The Monastery in Ghazali was a medieval Christian monastery in the Bayuda Desert in northern Sudan. Probably founded by the Makurian king Merkurios in the late 7th century, it functioned until the 13th century.

== Archaeological research ==
Almost all famous travelers visited the site in the 19th century. The first excavations took place in the 1950s. From 2012 to 2018, research in Ghazali was conducted by a team of Polish archaeologists from the Polish Centre of Mediterranean Archaeology University of Warsaw, in cooperation with the National Corporation of Antiquities and Museums of Sudan.

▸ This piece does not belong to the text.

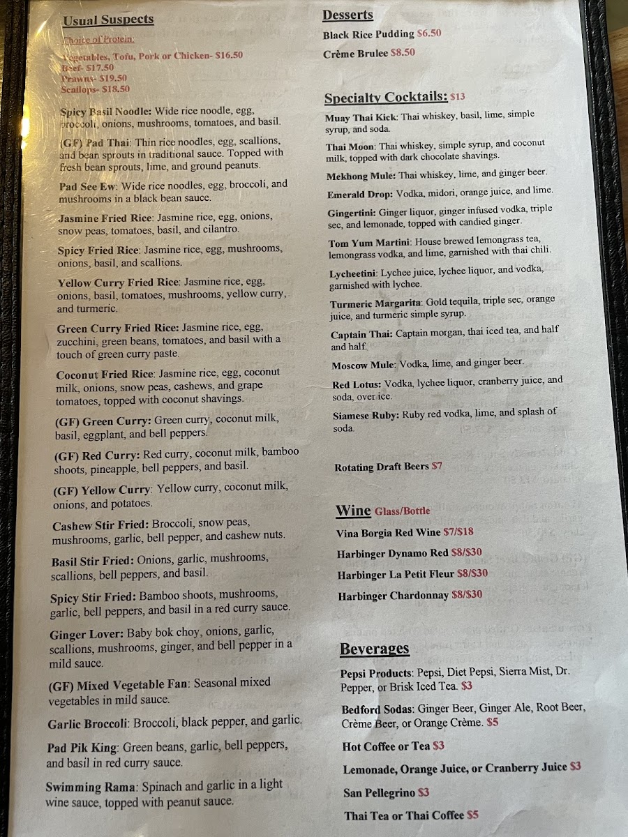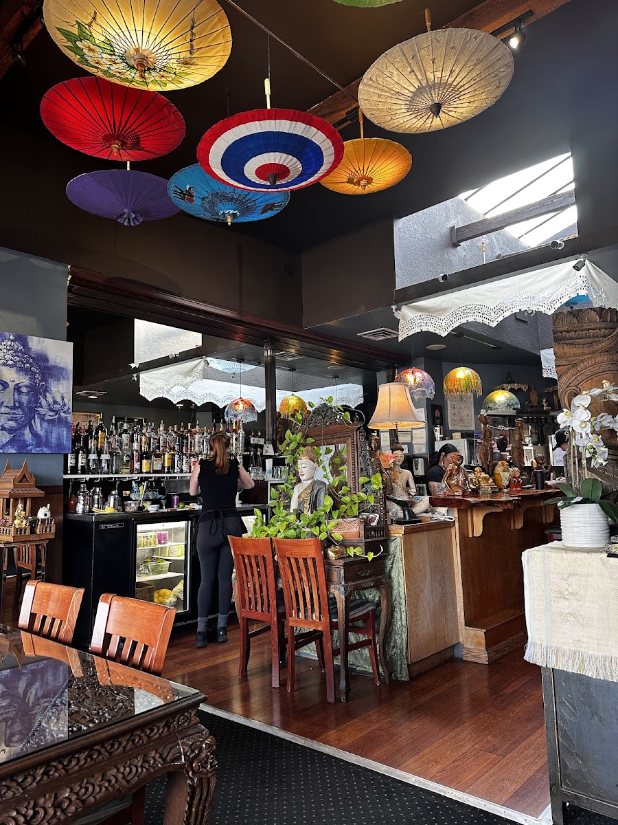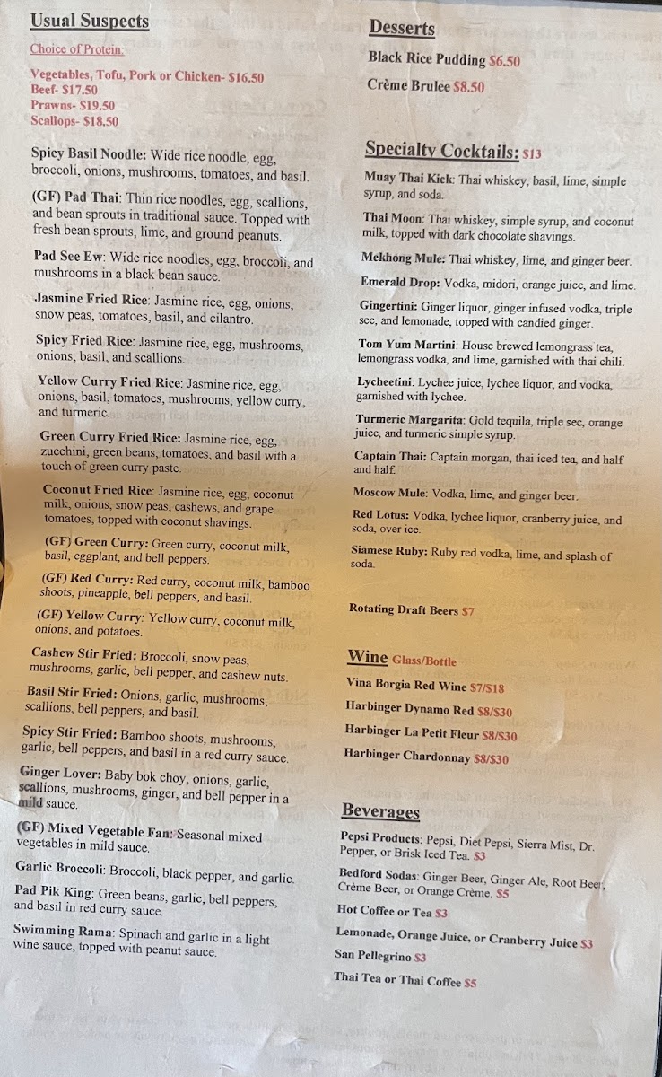 Pair your meal with one of their unique specialty cocktails, such as the signature Muay Thai Kick, which combines smooth Thai whiskey with fresh basil and lime, or the creamy Thai Moon crafted with coconut milk and a sprinkle of dark chocolate shavings for a touch of indulgence. If beer is more to your taste, opt for a refreshing bottle of Singha or explore their rotating draft options to complement your meal.

The project was directed by Artur Obłuski. At the same time, preparations were made for opening the site to visitors.

== Description of the site ==

A view from inside the ruins, also by Lepsius

Apart from the monastery, which is the main feature of the site in Ghazali, a settlement, cemeteries, and a metallurgical center with iron-smelting furnaces provided additional information on the daily life of the monks.

The North Church in Ghazali with a basilical layout was mentioned already by 19th-century travelers and was first excavated by Peter Shinnie’s expedition. It is a typical Makurian church. The younger South Church is built entirely of mud bricks.

The monastery also encompasses several other buildings that served different functions. A free-standing building contained at first six, and then twelve dormitories. The triple bedrooms were small, measuring about 20 square meters. Remains of a staircase indicate there was a second floor. A refectory (dining room) and installations for food production, such as a mill and an oil press, were found as well.

There is evidence suggesting the presence of a pilgrimage movement in Ghazali.

== Bibliography ==
The list contains a selection of the latest publications on the research in the monastery written in English.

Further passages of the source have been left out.